California Court of Appeals, Fourth District, Third Division

August 26, 2013

FRANCISCO ROLDAN et al., Plaintiffs and Appellants,
v.
CALLAHAN & BLAINE et al., Defendants and Respondents.

Appeal from an order of the Superior Court of Orange County Nos. 30-2009-00303966, 30-2010-00417796, 30-2010- 00417811, Ronald L. Bauer, Judge.

Law Offices of Steven R. Young and Jim P. Mahacek for Plaintiffs and Appellants.

Waxler Carner Brodsky, Andrew J. Waxler and Danielle R. Sokol for Defendants and Respondents.

OPINION

RYLAARSDAM, J.

Plaintiffs settled the underlying case reluctantly, and only after their attorneys – including defendants herein – unsuccessfully attempted to have them declared legally incompetent so that a guardian ad litem could be appointed to cooperate with the attorneys’ efforts. Plaintiffs subsequently elected to file suit against the attorneys based on that attempt, on the alleged inadequacy of the settlement, and on other conduct. Defendants Callahan and Blaine, Edward Susolik and Lee Burrows (collectively “Callahan”) successfully moved to compel arbitration of that suit, based on the arbitration provision contained in the firm’s retainer agreement, and we declined to review that decision when plaintiffs petitioned this court for a writ of mandate.

Plaintiffs, however, contend they are indigent and cannot afford to share in the substantial expense of the arbitration forum, and thus they filed a motion in the trial court seeking an order compelling Callahan to advance the entire upfront cost of the arbitration forum they have insisted upon utilizing. That motion was denied and plaintiffs contest that denial in this appeal. We reverse and remand to the trial court with directions to: (1) calculate the reasonable cost of the arbitration previously ordered; (2) determine whether any of these plaintiffs are financially able to pay their anticipated share of that cost; and (3) if any of them are unable to do so, issue an order specifying that Callahan has the option of either paying that plaintiff’s share of the cost of the arbitration, or waiving its right to arbitrate that plaintiff’s case and allowing the case to proceed in court.
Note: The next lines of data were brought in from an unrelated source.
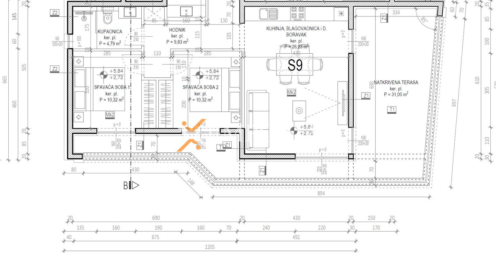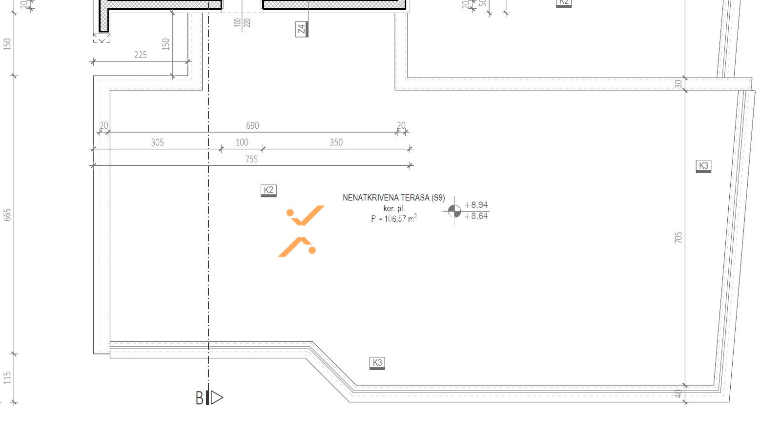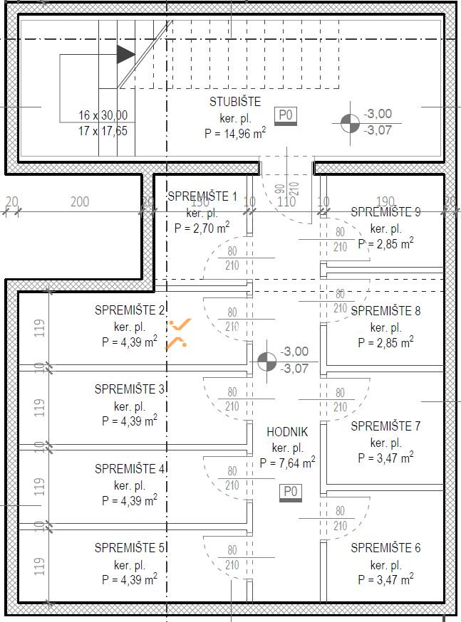 Stan se sastoji od hodnika, 2 spavaće sobe, praonice/WC-a, kupaonice, kuhinje s blagovaonicom i dnevnim boravkom te lođe (80,57 m2 neto), a iz stubišta se ide na krovnu terasu površine 106,57 m2. Neto korisna površina opisanih prostorija iznosi 107,21 m2. Dodatno, stanu pripadaju 2 parkirna mjesta i spremište u podrumu.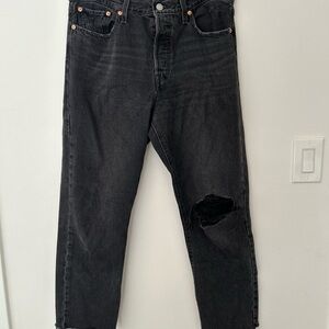Women Levi’s Wedgie Straight Black Jeans with Ripped Detail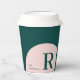 Cette tasse de papier café moderne présente une initiale simple avec des blocs de couleur élégants (rose et vert Turquoise). Ajoutez vos informations marketing à cette tasse personnalisée. Vous pouvez utiliser cette tasse personnalisée à votre lieu d'affaires, magasins, événement d'entreprise ou, etc.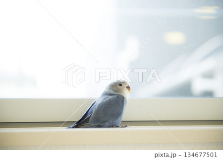 鮮やかな羽色のペットのコザクラインコ(後ろ姿)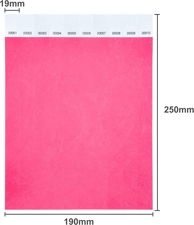 - NeonPink wristbands are10" long and 3/4" wide. A piece of paper is 10 wrist straps. 100 wristbands have 1-100 consecutive numbers.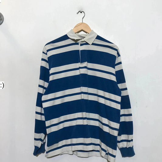 Vintage 90s Blue & White Striped St Michael Rugby Polo Shirt - Medium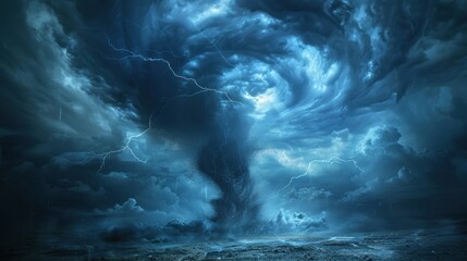 Giant dramatic tornado forming over stormy sky.
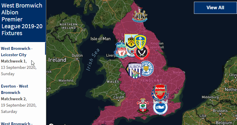 Вижте тук интерактивна карта на всички мачове на Уест Бромич за сезон 2020-21 във Висшата лига.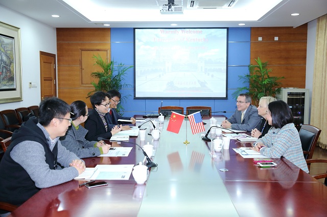 刘宇陆对来宾表示热烈欢迎,充分肯定了两校多年来合作成果。他指出两校合作基础良好,前景广阔,希望双方共同努力,推动双方合作再上新台阶。苏?罗伯特表示肯塔基大学一直非常重视与我校的深厚友谊和友好合作,并希望能够通过此次来访提升两校合作项目的深度和广度。
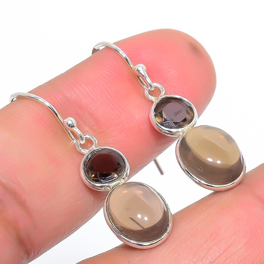 Smoky Topaz Stone 925Ā SolidĀ Silver Sister New Drop Dangle Handmade Hook Earrings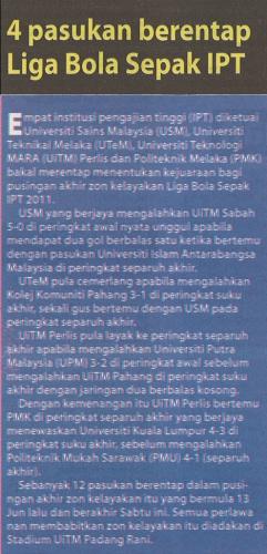 4 pasukan berentap Liga Bola Sepak IPT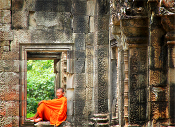 Wake up early to observe the monks at Wat Roun perform their morning rituals, and you will have many chances to meet the monks personally. Enjoy a local breakfast under the shade of a bodhi tree as the sun starts to rise. Next we head to Phnom Bok hill to enjoy magnificent views of the area. Trek downhill to the temple of Banteay Samre for a break.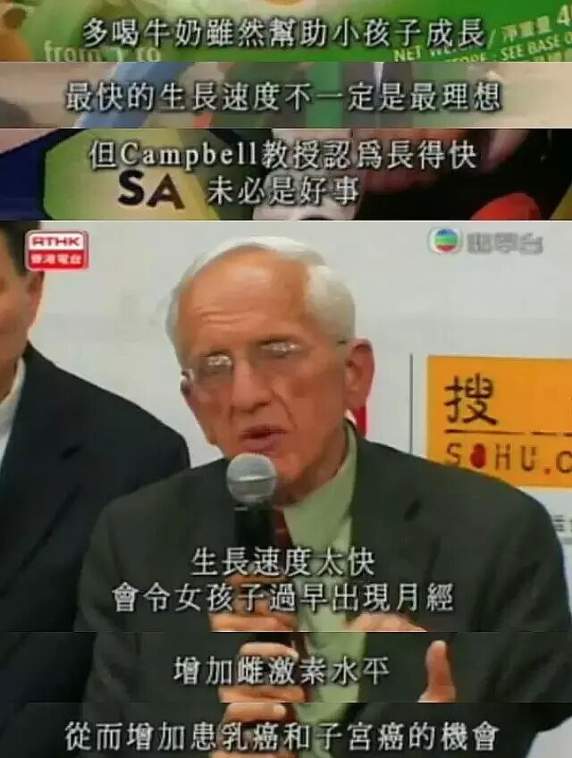 Dr.T. Colin Campbell表示,牛奶确会令孩子长快,但成年后患癌及有骨折的机会亦愈大。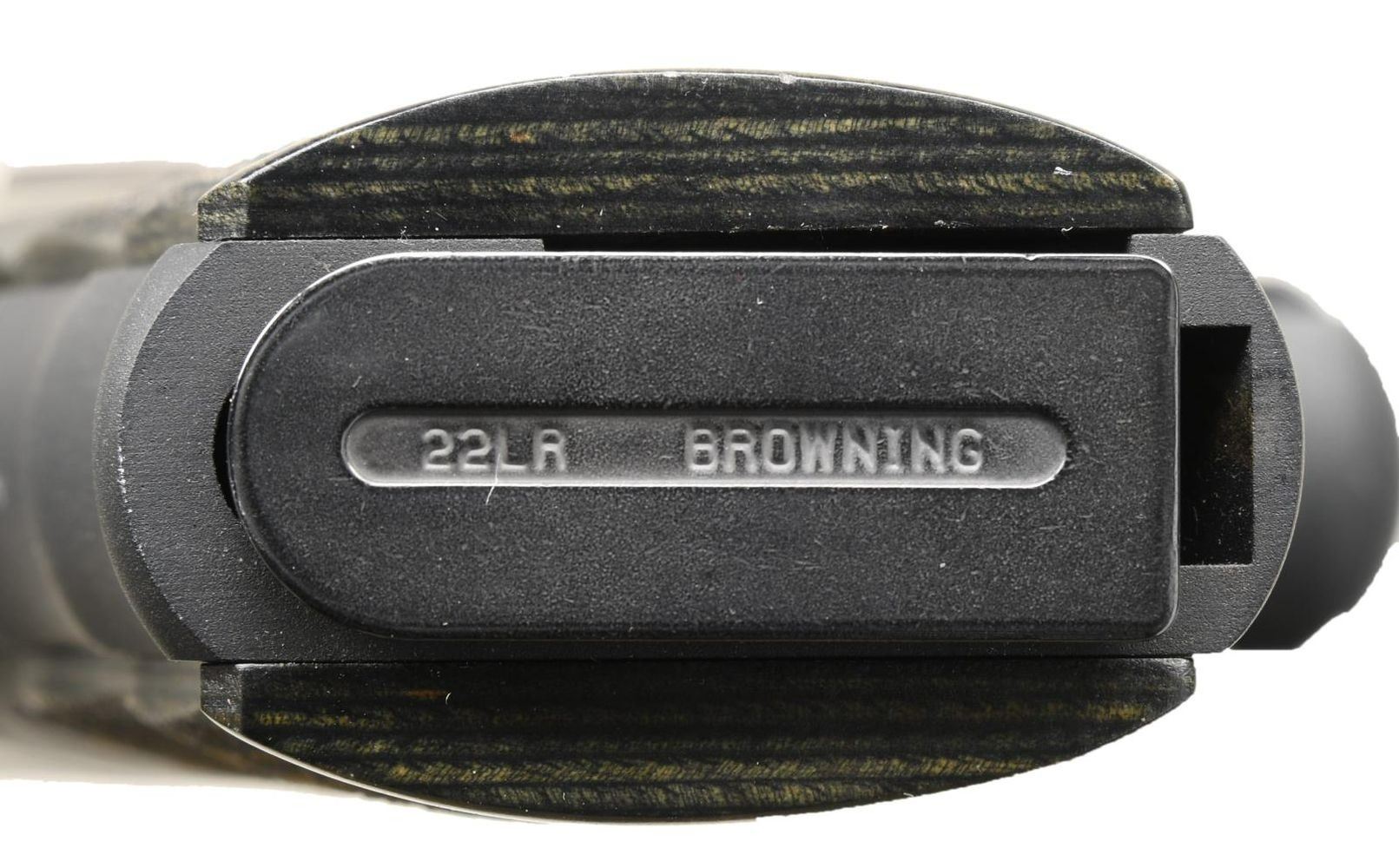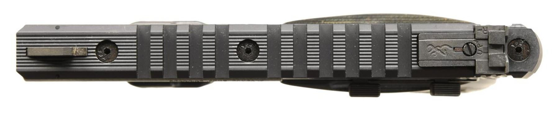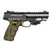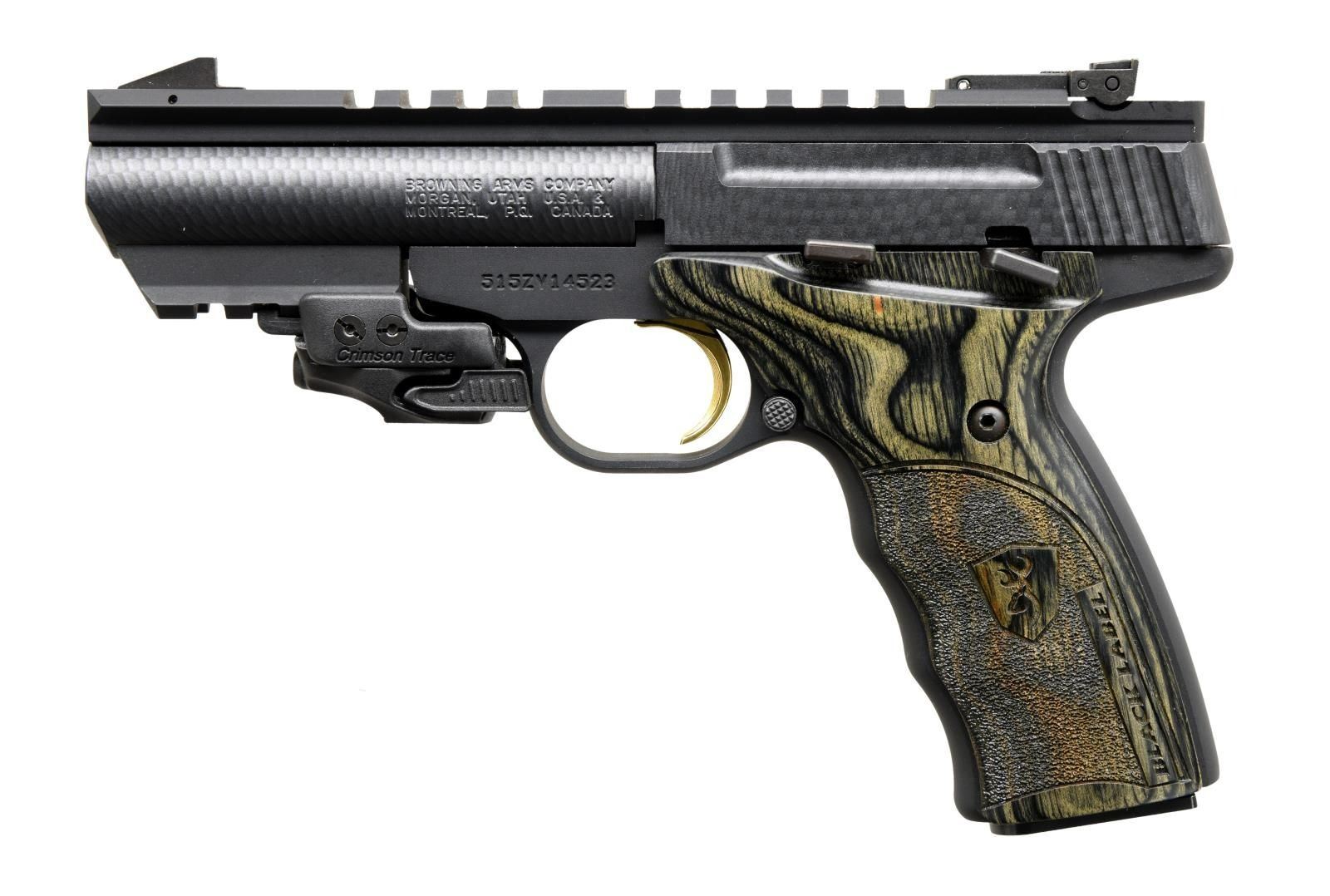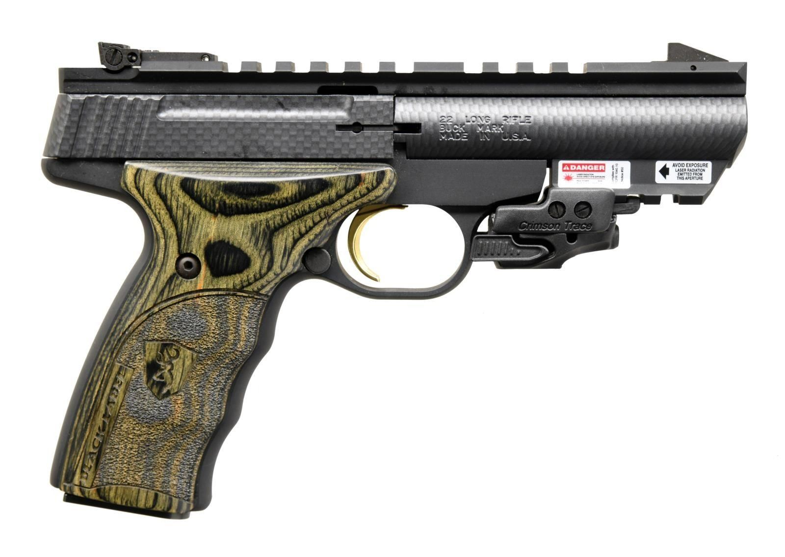Cal. 22 LR. S# 515ZV14523. Bbl. 4". Ramped blade front sight. Adjustable rear sight. Top mounted full length picatinny style rail. Carbon fiber & matte black finished. Gold trigger. Crimson Trace laser mounted on front picatinny style rail. Black Label laminated grips. MAGS: 1-10 rd. factory. UNATTACHED ACCESSORIES: w/box. CONDITION: metal shows a couple light scratches & some handling wear. Other aspects rate very good plus or better. PROVENANCE: The Collection of Gun Sport Ltd owned by Jon R. Thomas. (23-4128/MJC). MODERN. $500-650.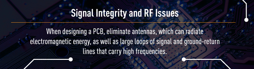 When designing a PCB, eliminate antennas, which can radiate electromagnetic energy, as well as large loops of signal and ground-return lines that carry high frequencies. You must position integrated circuits carefully to achieve short interconnect lines.
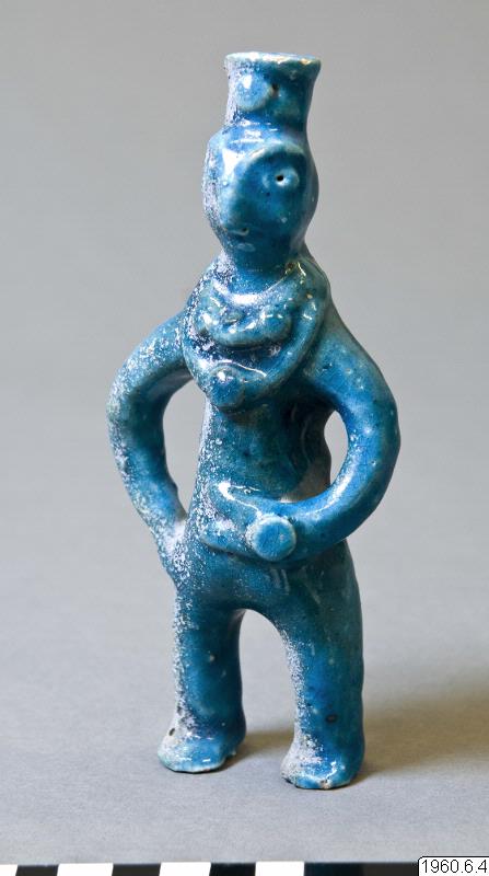 Blå keramikfigurin. Ena sidan dålit bränd. Försedd med huvudbonad och halssmycken. Håller den ena handen på magen, den andra i sidan. Baksidan platt. Ögon och näsborrar markerade med hål. Gjord i byn Isalif, vilken är känd för sin keramiktillvekning. 16,5 cm hög. Se: J. Sibinga Mulder, Afghanistan, indrukken van een verblijf, Koninklijk Institut voor de Tropen, Amsterdam, Medeling no. CXXVI, Afdel...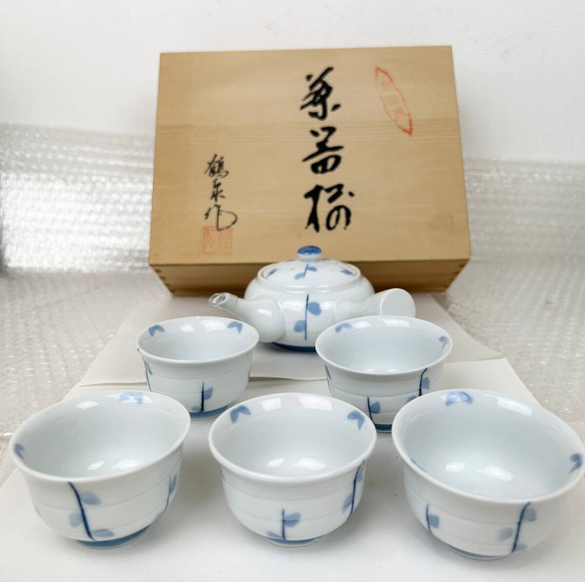 - ☆★☆有田焼 茶器揃 鶴泉作 急須 湯呑み セット 未使用品☆★☆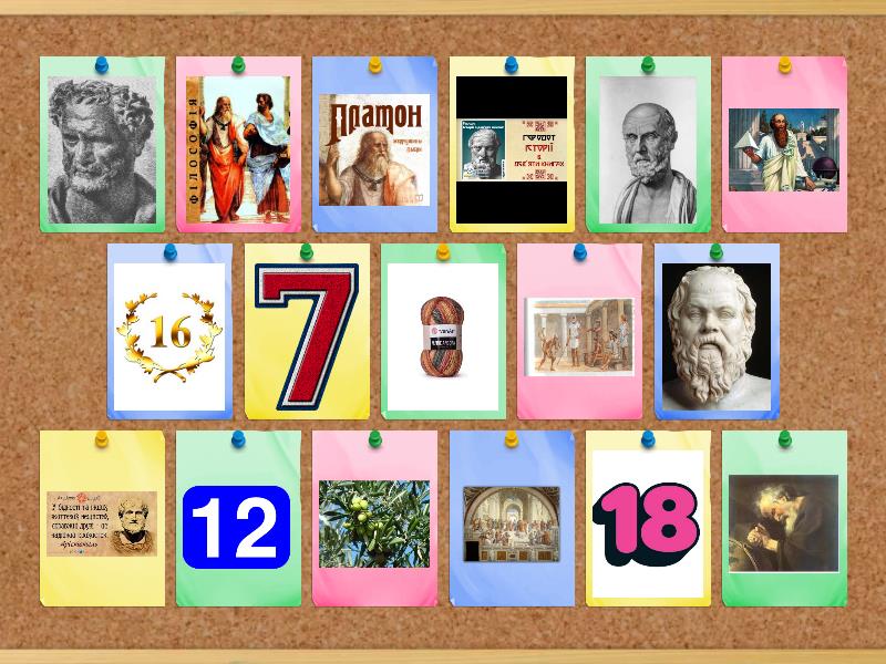 Гілка оливи-народився хлопчик, Вовняні нитки-народилась дівчинка, Навчання в грецьких школах з 7 років, "Любов до мудрості",наука ,що вивчає закони розвитку природи та людини, Афінська школа(Рафаель Санті), Геракліт "В природі все тече й змінюється.", Демокріт"Природа складається з атомів"., Сократ" Істина народжується в суперечці" " Я знаю,що нічого не знаю", Платон"Світ створений ідеальним розумом". Заснував Академію., Арістотель створив Лікей.(відставати не можна)), Піфагор створив математичну школу., Гіппократ-батько медицини.(Клятва Гіппократа), Геродот- батько історії., Навчити читати,писати,рахувати,музики. Фізичний розвиток., Вивчення граматики,риторики(красномовство), Період атлетичних вправ., Вік ефібів(військова та прикордонна служба),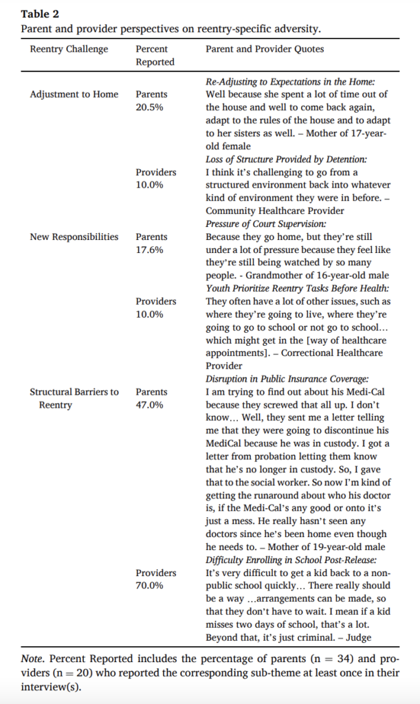 Bondoc et al. (2021). “Overlapping and intersecting challenges”: Parent and Provider perspectives on Youth Adversity During Community Reentry after Incarceration. Children and Youth Services Review, 125. https://doi.org/10.1016/j.childyouth.2021.106007
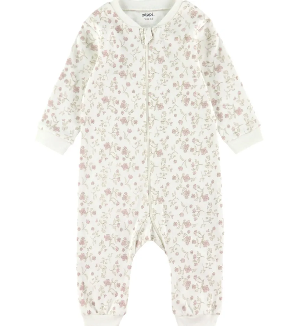Pippi Baby heldragterne har lange ærmer og ben med brede ribkanter. De åbnes på fronten ved hjælp af en gennemgående lynlås fra halsåbningen til venstre ben. I halsåbningen er der en smal ribkant, og heldragterne er i en lækker bomuldskvalitet.

If the trial court determines that one or more, but not all, of the plaintiffs are unable to pay their anticipated share of the arbitration cost, and Callahan elects to waive its right to arbitrate those plaintiffs’ claims rather than pay their share of the arbitration cost, then the court is directed to further consider whether the policy of avoiding conflicting rulings on common issues of law or fact supports an order requiring all of the plaintiffs’ claims to be consolidated in the superior court.

FACTS

Joan and Francisco Roldan, Gail Chudacoff and Jenni Mendoza (plaintiffs) were among a group of plaintiffs in the underlying litigation arising out of toxic mold contamination in the apartment building where they resided. All of these plaintiffs were elderly, of limited financial means, and relied on Section 8 housing subsidies to pay for their apartments. (Section 8 is a federal program providing financial assistance to low-income tenants and is codified as 42 U.S.C. § 1437f.) Plaintiffs were represented in the underlying case by attorney Richard Quintilone, but prior to trial, he informed them by letter that he had associated Callahan as co-counsel in their case, explaining that “[Callahan’s] reputation in solving complex litigation cases is unsurpassed and their partnership will serve as an invaluable opportunity to help bring forth meaningful settlement discussions... as well as assist in the substantial upcoming expert costs.” He then pointed out the clients would find Callahan’s retainer agreement enclosed “for your signature and prompt return, ” and assured them the association would “not affect any recovery on your behalf, they will merely assist in advancing the substantial upcoming costs of your litigation.” Quintilone’s letter did not otherwise explain or discuss any aspect of Callahan’s retainer agreement, which included an arbitration provision on page 8, and did not advise his clients to read it.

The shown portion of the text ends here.